Question

Paired End Vs Single End Detection

3

Entering edit mode

12.4 years ago

Lee Katz ★ 3.2k

Hi, I am wondering if anyone has a subroutine or function (hopefully in Perl or pseudocode) to detect whether a fastq file is a shuffled paired-end or not. I think I've seen a few different syntaxes on headers and so I feel like it requires a little more knowledge on their formats than what I have right now.

Yes, I am still looking into it, but I am wondering if this has already been done, to save me time...
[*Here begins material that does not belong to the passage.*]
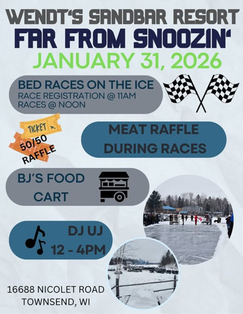 Check out Wendt’s Sandbar Resort’s – Far From Snoozin’ – on Saturday, January 31, 2026. The day will start out with bed races on the ice. Registration will start at 11:00 am with the races at 12:00 noon. There will be meat raffles during the races and a 50/50 raffle. BJ’s Food Cart will be on hand. Entertainment will be provided by UJ the DJ from 12:00 noon to 4:00 pm. Wendt’s Sandbar Resort is located at 16688 Nicolet Rd in Townsend. Follow this link for more details.

illumina paired-end read perl • 7.8k views

ADD COMMENT • link updated 2.6 years ago by Ram 44k • written 12.4 years ago by Lee Katz ★ 3.2k

0

Entering edit mode

Do you mean that you don't have information about the reads in their header?
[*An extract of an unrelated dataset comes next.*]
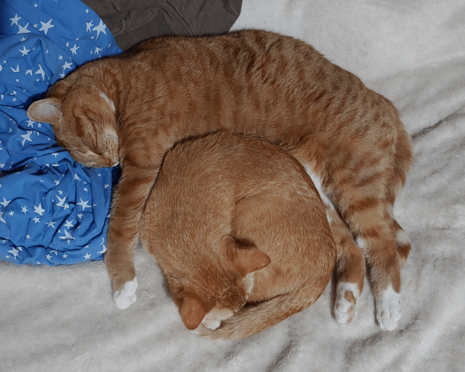 Cheddar always steals my butt spot. Turmeric joined him. They are such a matched set! Cheddar is about 3 times her weight, though. 😁. Turmeric is such a tiny thing, and Cheddar is a burly beast.

ADD REPLY • link 12.4 years ago by Arun 2.4k

0

Entering edit mode

I have those deflines, sure, but I am wondering if anyone has already coded all the logic. Looking at the wikipedia page, if it is casava 1.7 then pairs are indicated by \1 or \2 and if it is 1.8 then it is indicated by :1 or :2, etc. There seems to be a few fine points in deciding if it is paired end, and I am wondering if all of these fine points are already coded.

ADD REPLY • link 12.4 years ago by Lee Katz ★ 3.2k

1

Entering edit mode

Edit: I get it now as to what you want. To my knowledge, there are two possibilities, both of which you have already mentioned. The older #0/1 format and the new [12]:[NY]:barcode format. A lazy way to check for which format it is would be to read in the first line and check for the existence of a space in the line. The older format shouldn't have one.

Old answer: I don't know what you mean by "all of these fine points are already coded"? But if it is this you want to check then you can just use awk as follows (for CASAVA 1.8):

awk '(NR+3)%4 == 0 && $0 ~ /1:[NY].*/ {print}' myfile.fq # prints all reads first in your paired fastq file
awk '(NR+3)%4 == 0 && $0 ~ /2:[NY].*/ {print}' myfile.fq # prints all reads second in your paired fastq file

If you don't have 2, then the reads are much likely SE. You can pipe | wc -l to count the number of lines after the awk command to ensure that you have equal reads for both pairs. Is this what you're asking? If not, sorry!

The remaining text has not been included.